Jared Verlon Crick (born August 21, 1989) is an American former professional football player who was a defensive end in the National Football League (NFL). He played college football for the Nebraska Cornhuskers before being selected by the Houston Texans in the fourth round of the 2012 NFL draft.

==College career==
After being redshirted as a freshman in 2007, Crick played in nine games as a redshirt freshman in 2008, recording two tackles.

As a sophomore in 2009, Crick recorded 75 tackles and nine and a half sacks.
As a junior in 2010, he recorded 9 and a half sacks with 70 tackles. He was then awarded postseason 2nd Team All-American.
As a senior, his season was shortened by a torn pectoral muscle and he entered the NFL Draft.

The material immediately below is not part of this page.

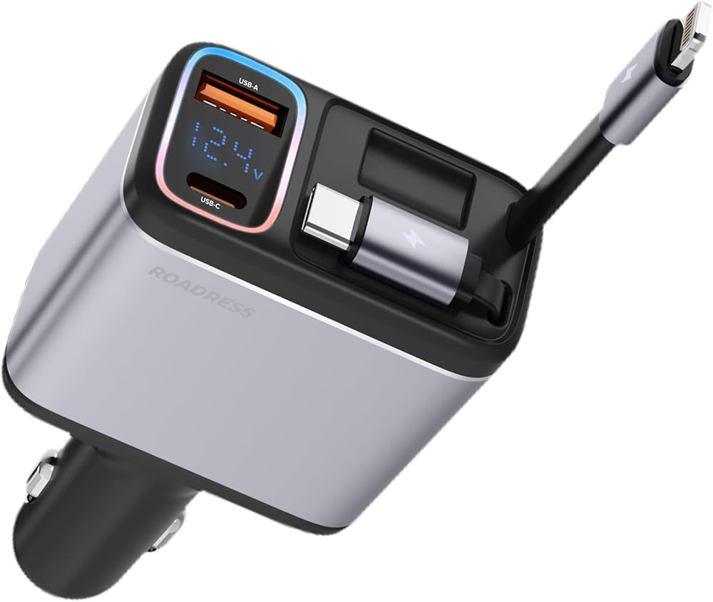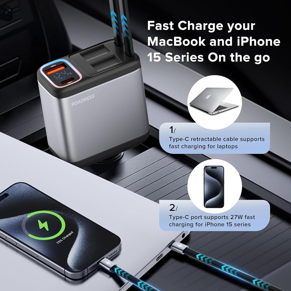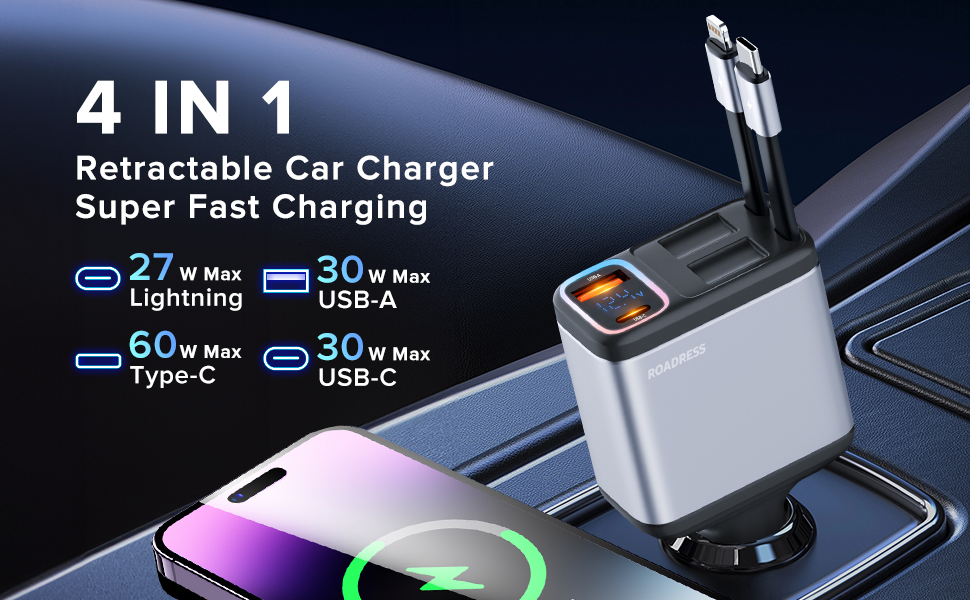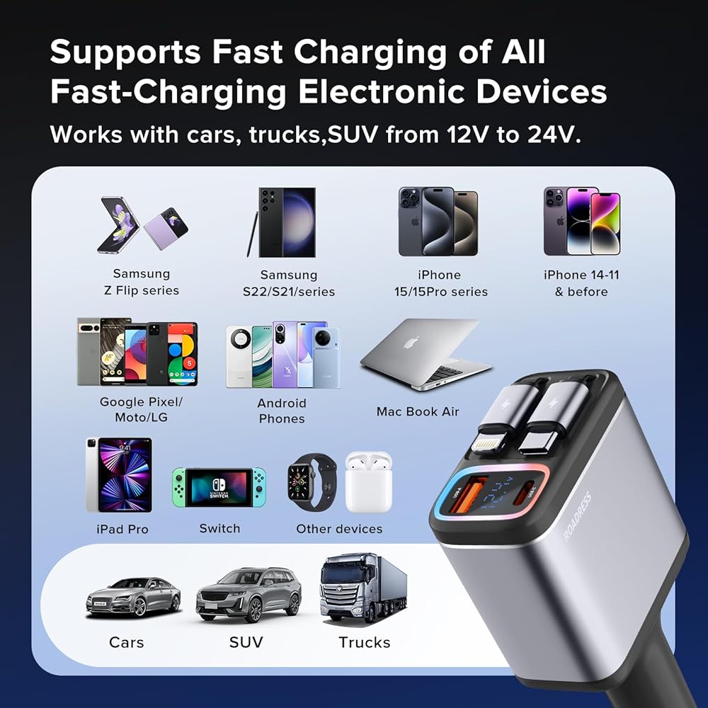 【4 in 1 Retractable Car Charger】Build-in 2 retractable charging cables (Type-C/lightning) + 2 ports (Type-C/USB),can charge 4 devices at the same time. Retractable cable free retractable up to 27.56inch, easy charging in the back seat, keep the car neat and tidy.

He finished his career with a total of 20 sacks, putting him 8th on Nebraska's all-time list.

==Professional career==

Pre-draft measurables
| Height | Weight | Arm length | Hand span | 40-yard dash | 10-yard split | 20-yard split | 20-yard shuttle | Three-cone drill | Vertical jump | Broad jump | Bench press |
| 6 ft 4+1⁄4 in (1.94 m) | 279 lb (127 kg) | 32 in (0.81 m) | 10+1⁄8 in (0.26 m) | 4.99 s | 1.79 s | 2.85 s | 4.40 s | 7.47 s | 31 in (0.79 m) | 8 ft 8 in (2.64 m) | 26 reps |
All values from NFL Combine/Pro Day

===Houston Texans===
Crick was selected by the Houston Texans in the fourth round of the 2012 NFL draft with the 126th overall pick.

After being in a reserved role in 2012 and 2013, Crick emerged as a starter in 2014 and 2015, starting 31 of 32 games played.

===Denver Broncos===
On April 6, 2016, Crick signed a two-year contract with the Denver Broncos.

On September 15, 2017, Crick was placed on injured reserve after having back surgery.